The Unique Revenue Lines

A BaaS platform that provides card issuing, account infrastructure, and payment processing to client businesses generates revenue across several distinct lines. Each line has different characteristics in terms of predictability, margin, and sensitivity to external factors. Understanding this revenue composition is the foundation of investor communication for a BaaS business.

Interchange Income

When a card issued on your platform is used to make a purchase, a portion of the merchant service charge (MSC) paid by the merchant is returned to the card issuer as interchange. For a UK BaaS platform issuing Mastercard or Visa consumer debit cards, interchange rates are regulated: the Interchange Fee Regulation (IFR) caps consumer debit interchange at 0.2 percent and consumer credit interchange at 0.3 percent. For commercial cards, interchange is higher and unregulated.

Interchange is volume-driven: it scales directly with the payment volume (TPV) processed on your platform. The margin on interchange is high in absolute percentage terms (you receive the fee without incurring direct variable costs proportional to each transaction), but the absolute income per transaction is small. A £100 consumer debit transaction generates £0.20 of interchange for the issuer.

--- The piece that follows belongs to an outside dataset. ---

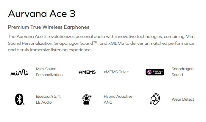 SEO KEYWORDS: Aurvana Ace 3, True Wireless Earphones, Bluetooth 5.4, xMEMS Drivers, Hybrid ANC, Mimi Sound Personalization, Snapdragon Sound, Earbuds, High Resolution Audio, Water-resistant Earphones
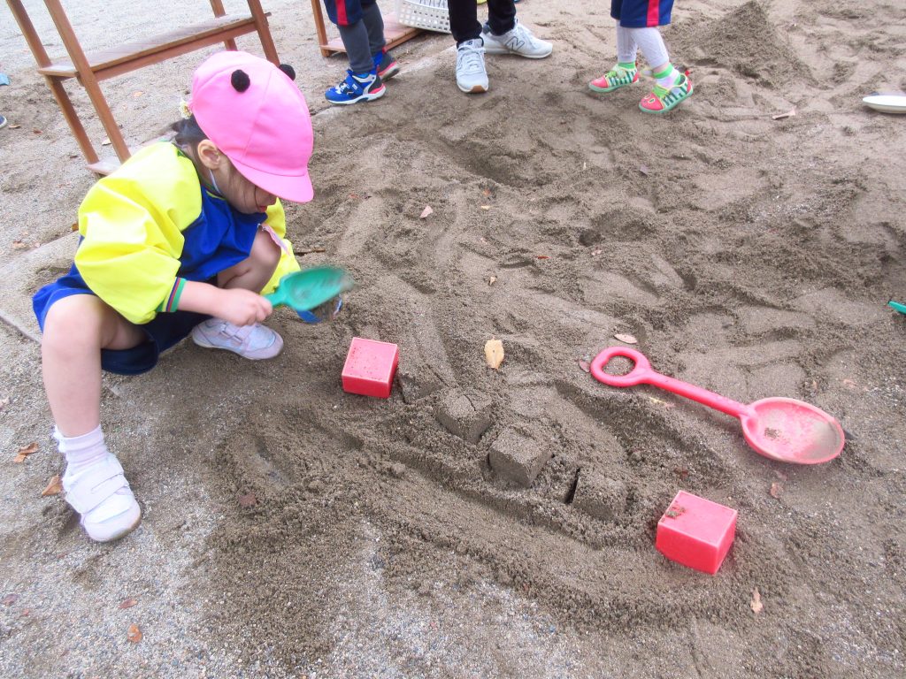 お山から「ヤッホー!」と呼び合いっこをしたり、雨上がりの湿った砂でのケーキ作りも楽しいです。

The BaaS-specific complexity is whether you recognise interchange on a gross or net basis. If you are a principal in the payment transaction (you are the issuer of record, holding the FCA authorisation), you typically recognise the full interchange as revenue. If you are an agent (the regulated entity is a partner bank and you provide a platform layer above it), your revenue may be the net margin after paying the sponsoring bank's share. The gross vs net determination under IFRS 15 requires careful analysis of the principal/agent framework.

Float Income

E-money businesses and BaaS platforms hold customer funds in safeguarded accounts. Under the UK Electronic Money Regulations and FCA requirements, these funds must be held in designated safeguarded accounts, typically ring-fenced from the firm's own assets. The interest earned on those safeguarded funds can, depending on the regulatory structure and client agreement, accrue to the platform rather than to the customer.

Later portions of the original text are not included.